Buy Emami Ltd For Target Rs.621 - Yes Securities
Focused on driving penetration‐led growth with margins well protected, valuations attractive; maintain BUY
Our view
Emami posted another resilient quarter with flattish volume and 4% revenue growth despite the high base and inflationary headwinds, with steady market shares and strong distribution‐led growth in rural markets. Strong focus on MT and e‐commerce channels seems to be helping the company in driving penetration of its core brands. Margins are also holding up quite despite sharp LLP and RBO inflation which was offset by a 3% price hike and continued cost efficiencies. The aggression on new launches via differentiated proposition, distribution expansion seem to be working well. Over the medium‐term, Emami seems well placed to benefit from structural tailwinds in the healthcare/ayurveda space and a higher rural salience in addition to expectations of a pick‐up in growth rates of discretionary FMCG categories. Expected reduction in promoter pledge should allay investor concerns and board restructuring to transition the business to the next generation should drive increased aggression and new initiatives. We remain positive on the stock and expect the re‐rating story to resume for Emami once the ongoing correction in staples subsides and growth trajectory starts moving towards double‐digits as valuation remains undemanding in both absolute and relative terms.
Result Highlights
* Result summary – Revenue/EBITDA/PAT growth of 4%/0.4%/5% on a high base, 2‐yr revenue CAGR of 9.4%. Revenue growth was slightly below estimate on a base of 15% growth at Rs9.7bn. Volume growth was flattish in domestic business.

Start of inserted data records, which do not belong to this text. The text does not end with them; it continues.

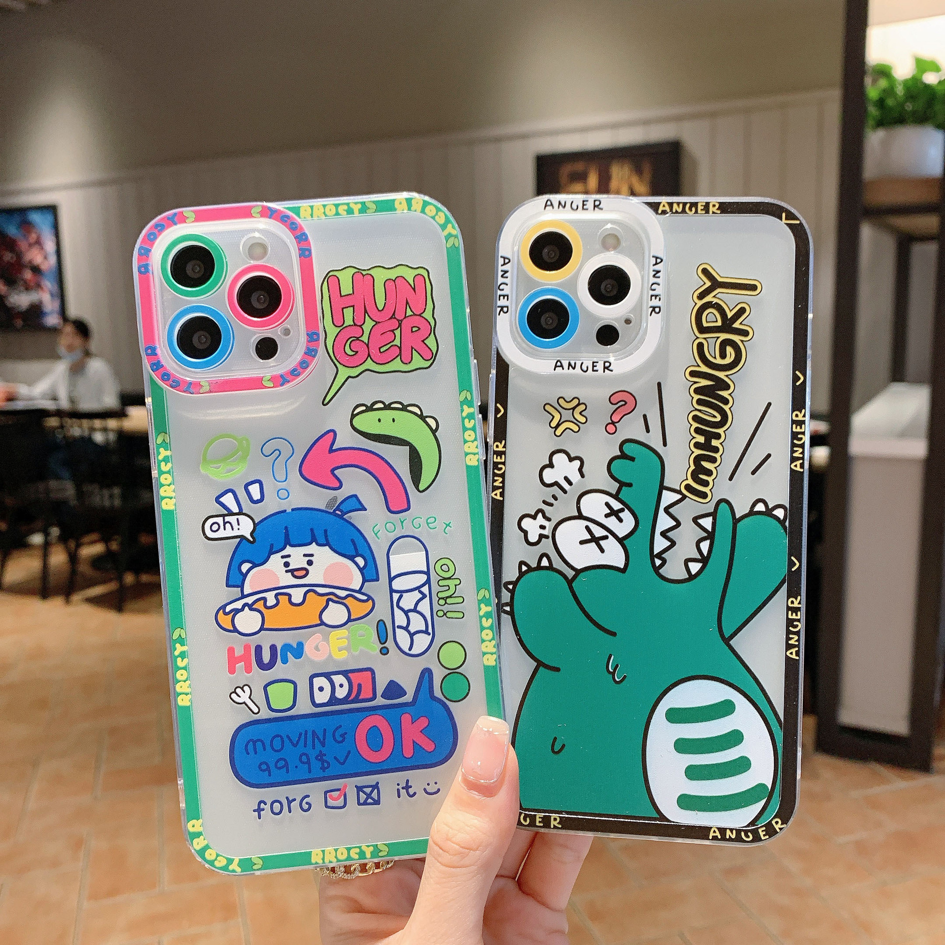 卡通可爱鳄鱼适用苹果11Pro手机壳镜头全包天使眼iPhone13XR软tpu
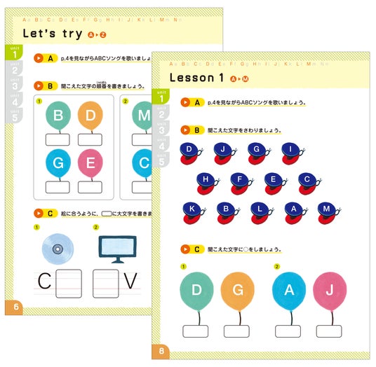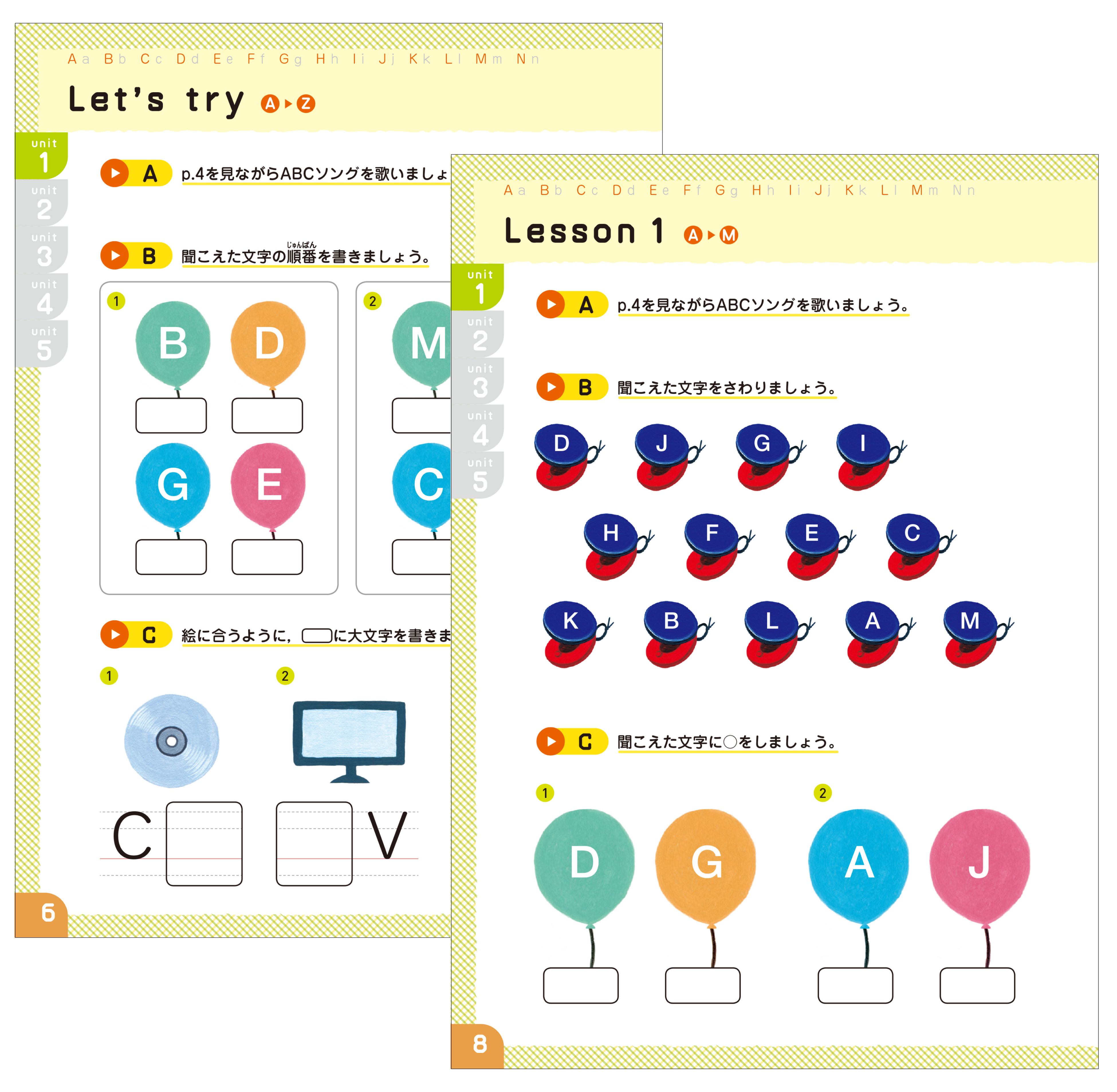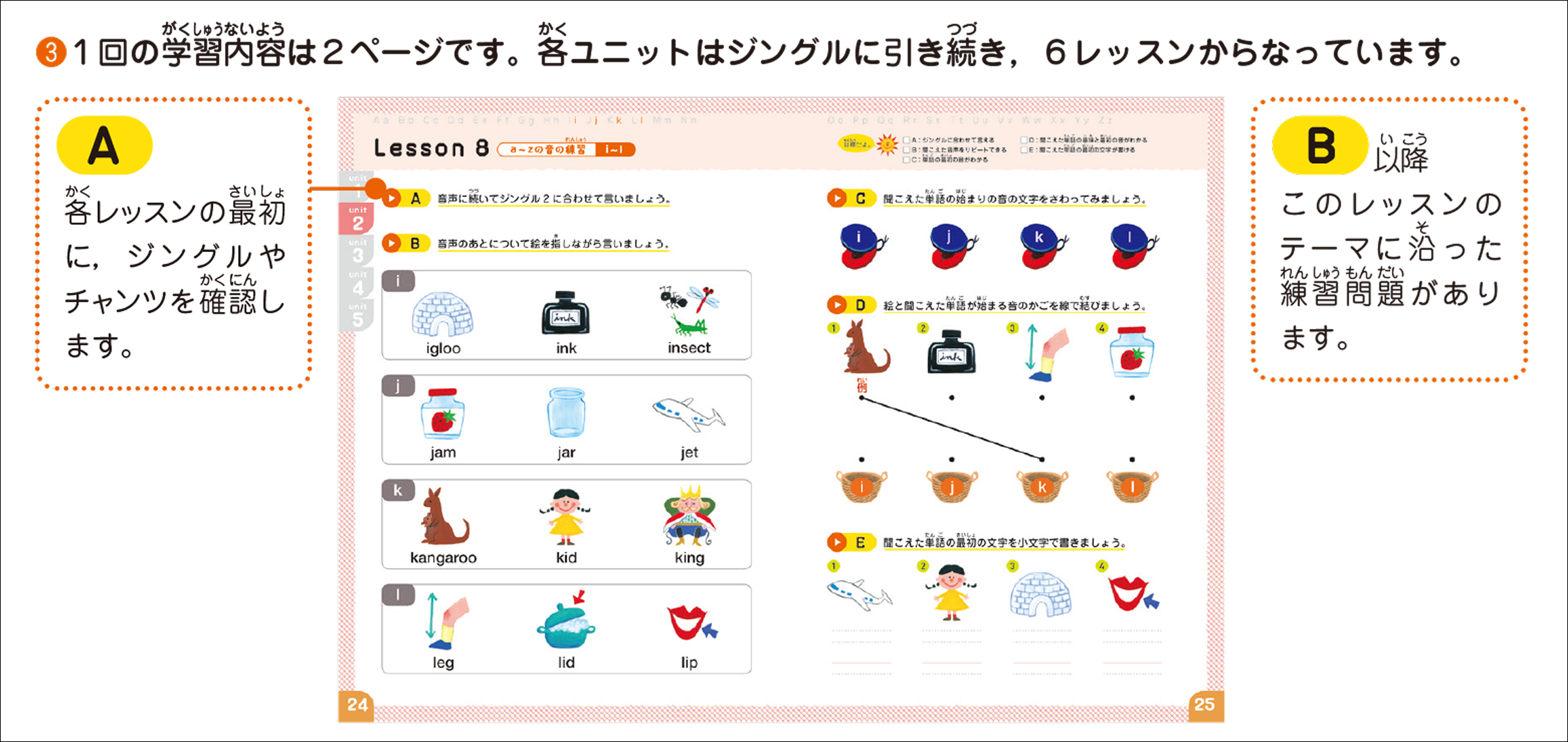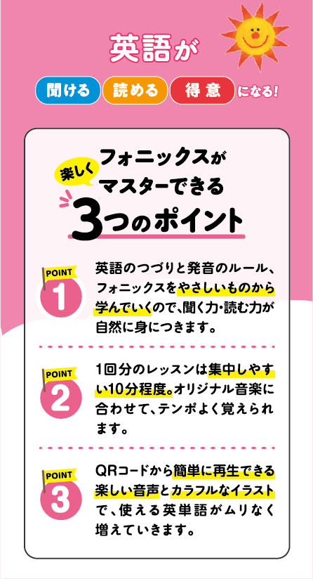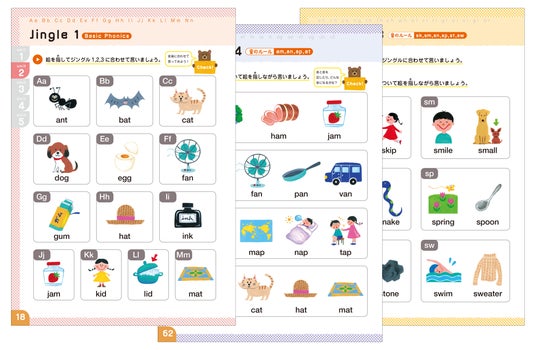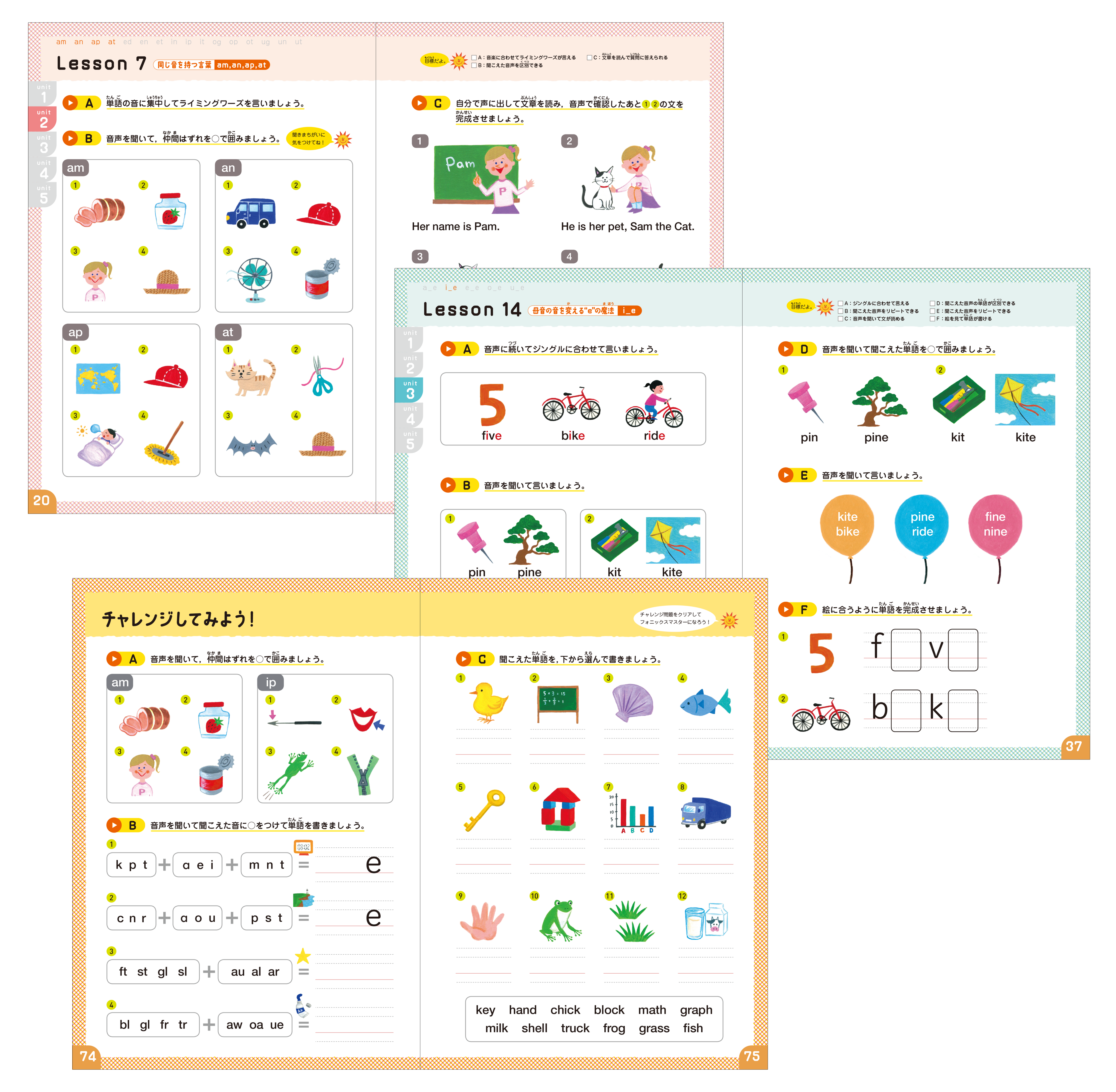 フォニックスの基本をわかりやすいルールから順を追って学んでいきます。リズミカルなオリジナル音楽に合わせてテンポよく覚えられるので、英語を学び始めた小学生はもちろん、幼児期のお子様でも楽しく進められます。
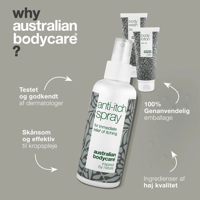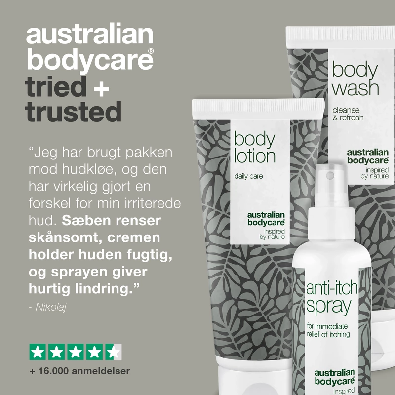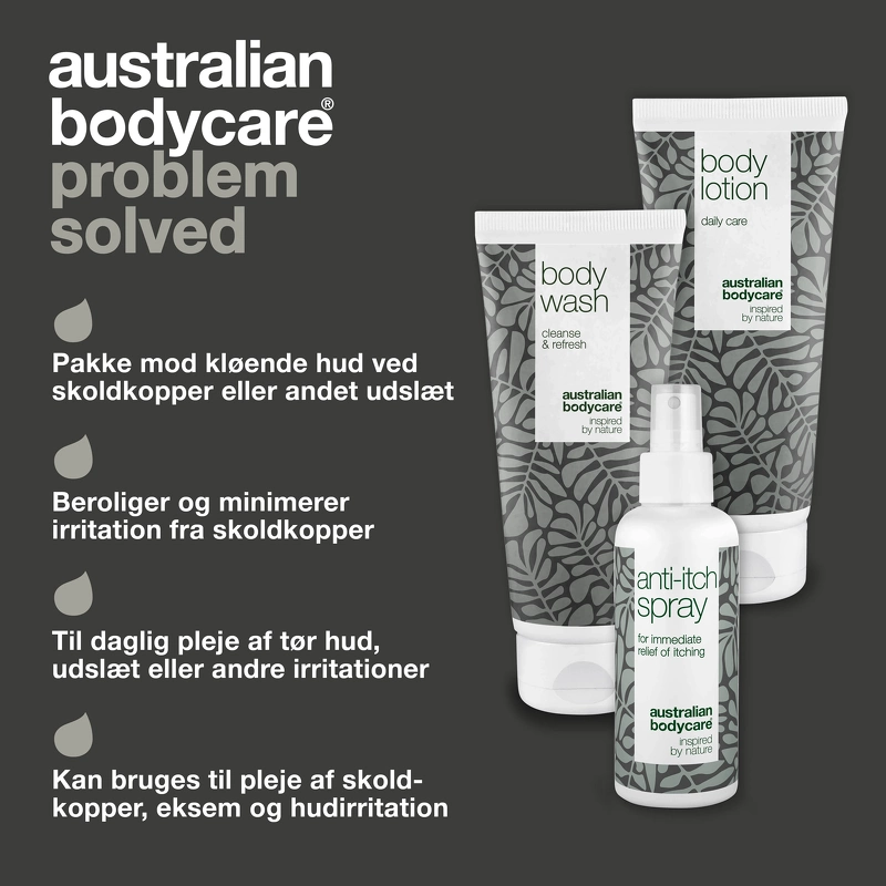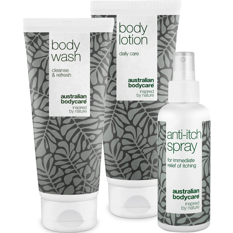 Australian Bodycare Anti-Itching Body Kit er et sett med 3 deilige produkter, som er perfekt for deg som lider av tørr og kløende hud. Australian Bodycare Anti-Itching Body Kit består av en body wash, body lotion og anti-kløe spray, som skånsomt, men effektivt renser og pleier huden, samt demper irritasjon og kløe. Alle 3 produktene inneholder Australian Tea Tree Oil, som er kjent for sine antibakterielle og kløebeskyttende egenskaper, og kan brukes på daglig basis. Få hjelp til å gjøre huden din mer rolig og velstelt med dette fantastiske australske kroppspleiesettet mot kløe. Settet inneholder: - 1 stk. Australian Bodycare Body Wash 200 ml - 1 stk. Australian Bodycare Body Lotion 200 ml - 1 stk. Australian Bodycare Anti Itch Spray 100 ml
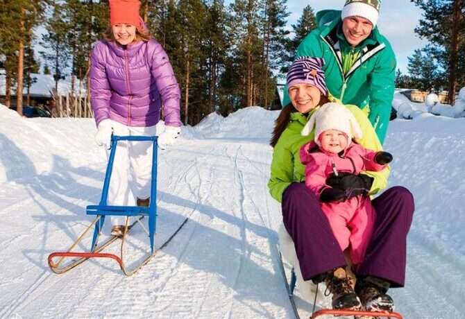 All equipment is provided to children free of charge. The exception is “vatruski”. The cost of renting a children’s tubing in the winter of [y] is 150 rubles per hour.
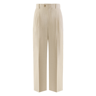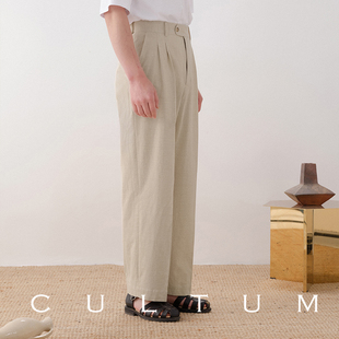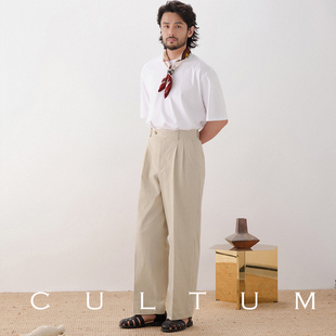 男休闲裤 CULTUM极简老钱风松弛慵懒阔腿高腰双褶西裤 透气棉麻
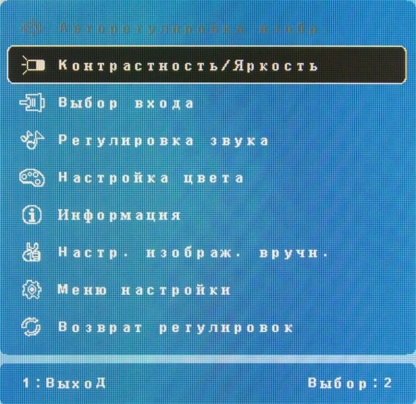 Если уделить меню некоторое время, то можно понять, что, несмотря на обилие пунктов, структура его проста и понятна. Условно его можно разделить на несколько частей: регулировка изображения и звука, выбор входа, настройка окна меню и сервисных функций монитора. Стоит отметить, что найти нужную позицию можно без чтения инструкции.
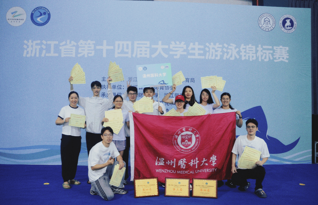 赛场上的耀眼奖项离不开运动员敢于拼搏的精神,更源于他们永不言败的意志。校游泳队在女子甲组4×100米混合泳接力项目角逐激烈,运动员们奋勇争先,获得了女子接力项目的首块铜牌;男子甲组4×100米混合泳,每位队员竭尽全力,夺得银牌。队员王浩林在男子200米蛙泳项目中动作规范流畅,节奏把握精准,荣获冠军。队员庄晨烨在男子200米混合泳中,展现出超高的技巧,在最后冲刺阶段更是爆发出惊人的速度,夺得冠军。温医学子在赛场上加深友谊、增强默契,并一同击楫中流,浪里争先。

* Segmental growth – 7% growth in pain management, 2% in Boro Plus, Kesh King was flat, ‐3% in male grooming, 6% in healthcare and 11% in Navratna and 7% growth in international business.
* Margins – Gross margin at 67.4%, declined 300bps/140bps YoY/QoQ, EBITDA margin came in at 35.1% led by tight control on expenses. A&P spend increased 50% QoQ.
* Earnings – PAT growth of 5% (2‐yr CAGR of 22%) led by operating leverage coupled with lower interest and higher other income.
Valuation
We build in revenue/EBITDA/PAT growth of 9%/10%/11% after cutting our estimates by 3‐4% over FY21‐24E to incorporate the ongoing growth and margins headwinds. We reiterate our BUY rating on the stock with a revised PT of Rs621 based on 30x FY24E earnings, which is a 30% discount to peers like Marico, Dabur and GCPL. Key risks to our call would be further Covid‐led disruption, erratic seasons, category challenges and unexpected group level issues. With margins not being too much of an issue, we would expect the re‐rating to begin once we see high visibility of sustained double‐digit growth for the company.